Determination of the elastic properties at high pressure without pressure scale

Pressure and temperature are the key parameters for determining the physical properties of earth materials in the interior of the Earth. In many laboratory studies, the determination of pressure requires pressure-standards , for example, NaCl, Au, or Pt. Recent evidence from the phase boundaries of perovskite-forming reactions suggests that the equations of state for these materials may be in error by as much as 10%. Ultrasonic-base laboratory studies to determine elasticity require measurement of P and S-wave travel times, density and length of sample at the experimental conditions. Combining in-situ X-radiation and ultrasonic measurements, now it is possible to collect all of these parameters simultaneously and directly.

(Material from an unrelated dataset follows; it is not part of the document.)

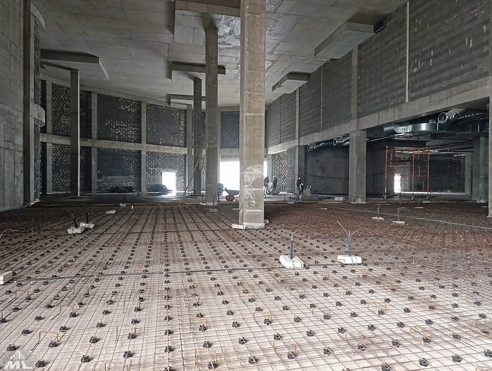 На объекте завершается возведение каркаса здания, активно утепляется фасад, а на южной стороне уже ведутся кровельные работы. К концу месяца планируется монтаж витражных систем, чтобы закрыть контур первых трёх этажей, а также устройство вентфасада.

This enables pressure scale-free measurements of the equation of state of the sample using a parameterization such as the Birch-Murnaghan equation of state. In addition, pressure at the experimental condition is defined by the sample X-ray volume. Therefore, this technique can be used to re-determine the equations of state for cohabitating pressure standards. We report elasticity data for ferropericlase (Mg,Fe)O with 17 mol% Fe, a potential mantle composition. The ultrasonic velocities have been measured at high pressure and the equation of state has been determined using the pressure-scale free method. Compared with MgO, the bulk modulus and its pressure derivative of (Mg,Fe)O are comparable. But the shear modulus and pressure derivative have been reduced. The pressure suggested by the sample is higher by more than 10% than that calculated from the coexisting NaCl using the Decker pressure scale.